With 2023 launch in sight, Pharming shares pivotal data on ex-Novartis rare disease drug

Pharming thinks it has the data to support approval of its ex-Novartis rare disease drug. With a phase 2/3 trial of the PI3Kδ inhibitor hitting its co-primary endpoints, Pharming is preparing to file for approvals in the second quarter.

The Dutch biotech revealed the success of leniolisib in a clinical trial of patients with the rare primary immunodeficiency disease activated phosphoinositide 3-kinase δ syndrome (APDS) two months ago, but that statement lacked details of the data. Pharming filled in those key details Friday at the Clinical Immunology Society 2022 Annual Meeting.

One of the co-primary endpoints looked at lymphadenopathy lesions. The trial linked leniolisib to a -0.30 mean change, compared to a -0.06 change in the placebo cohort, resulting in a hit against the first of the co-primary endpoints.

The second co-primary endpoints measured the change in the proportion of naive B cells from a baseline level of less than 48%. Pharming saw a 34.8% increase in the leniolisib arm, compared to a 5.4% decline in the placebo cohort. The difference was big enough for the trial to hit its other co-primary endpoint. 

“It is extremely encouraging to see that this medication is capable of targeting the cause of this difficult disease, both improving care and reducing patients’ symptoms. Progress toward a treatment that is tailor-made for our patients with APDS is a milestone we have long awaited,” Charlotte Cunningham-Rundles, M.D., Ph.D., a professor of immunology at the Mount Sinai School of Medicine in New York, said in a statement.
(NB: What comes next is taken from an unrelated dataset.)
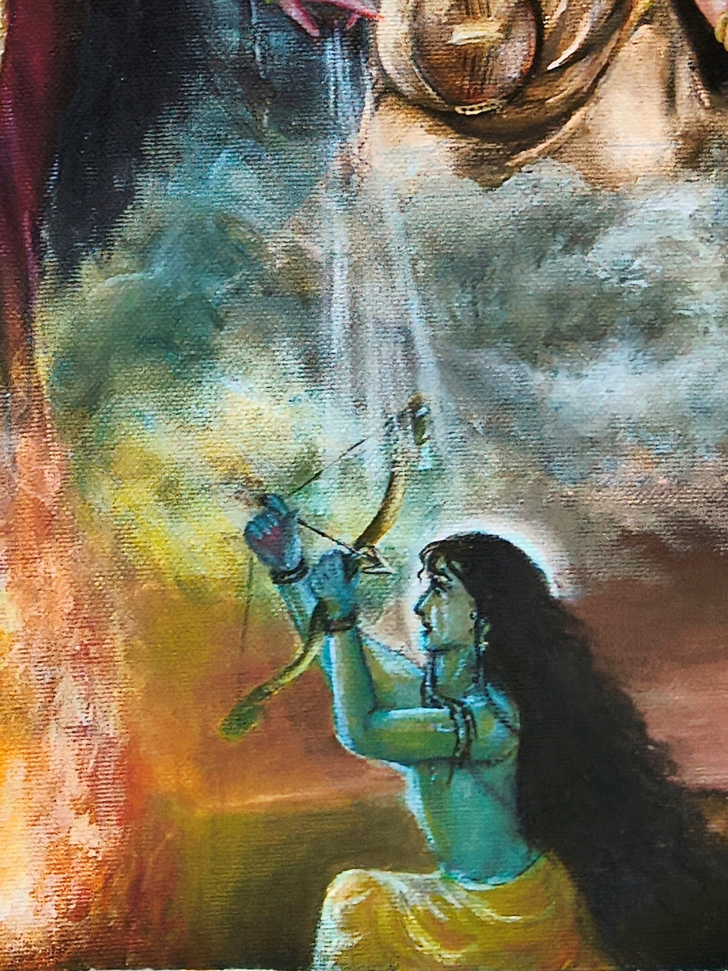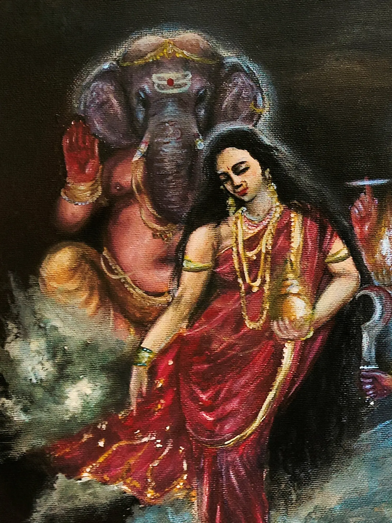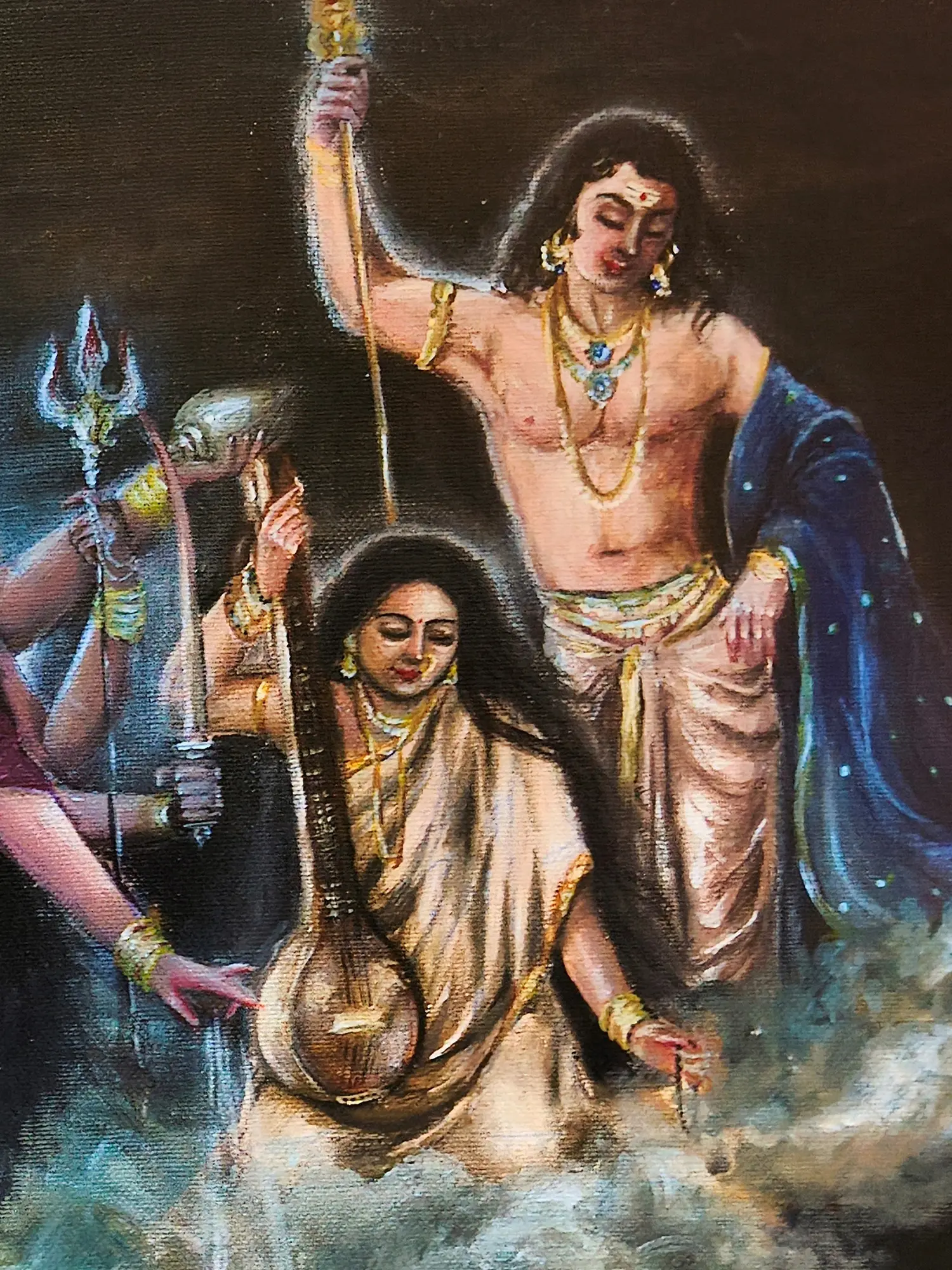 12" Goddess Parvati Worshipping Lord Shiva | Watercolor Painting
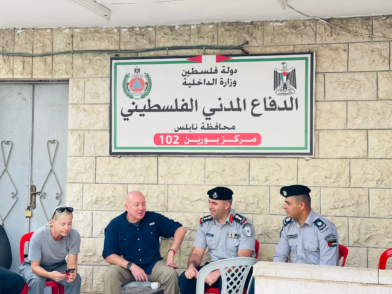ضم الوفد نائبة مدير إنفاذ القانون في البعثة روندا هيسلوب والخبير الكندي جون هيفرنان يرافقهما مدير التخطيط والتعاون الدولي عقيد محمود عاصي إستقبلهم مدير دفاع مدني المحافظة العقيد أبوب الطنبور وذلك لتعزيز التعاون الثنائي والإطلاع على خطط الاستجابة والاحتياجات وذلك ضمن زيارة يقوم بها الفريق بعد تقديم منحة مساعدات لمعدات انقاذ واطفاء لفرق المتطوعين في المحافظة .

Novartis was behind the long-awaited success, advancing the candidate, then also known as CDZ173, into the phase 2/3 clinical trial before deciding to cash out midstudy in 2019. Pharming took the other side of the deal, paying $20 million upfront for the rights to the drug. At the time, Pharming penciled a late 2021 or early 2022 launch into its calendar, but the target has slipped.

Pharming now expects to file for approval in the second quarter, putting it in a position to launch the drug in the U.S. in the first quarter of 2023 and to roll the drug out in European markets in the second half of the year.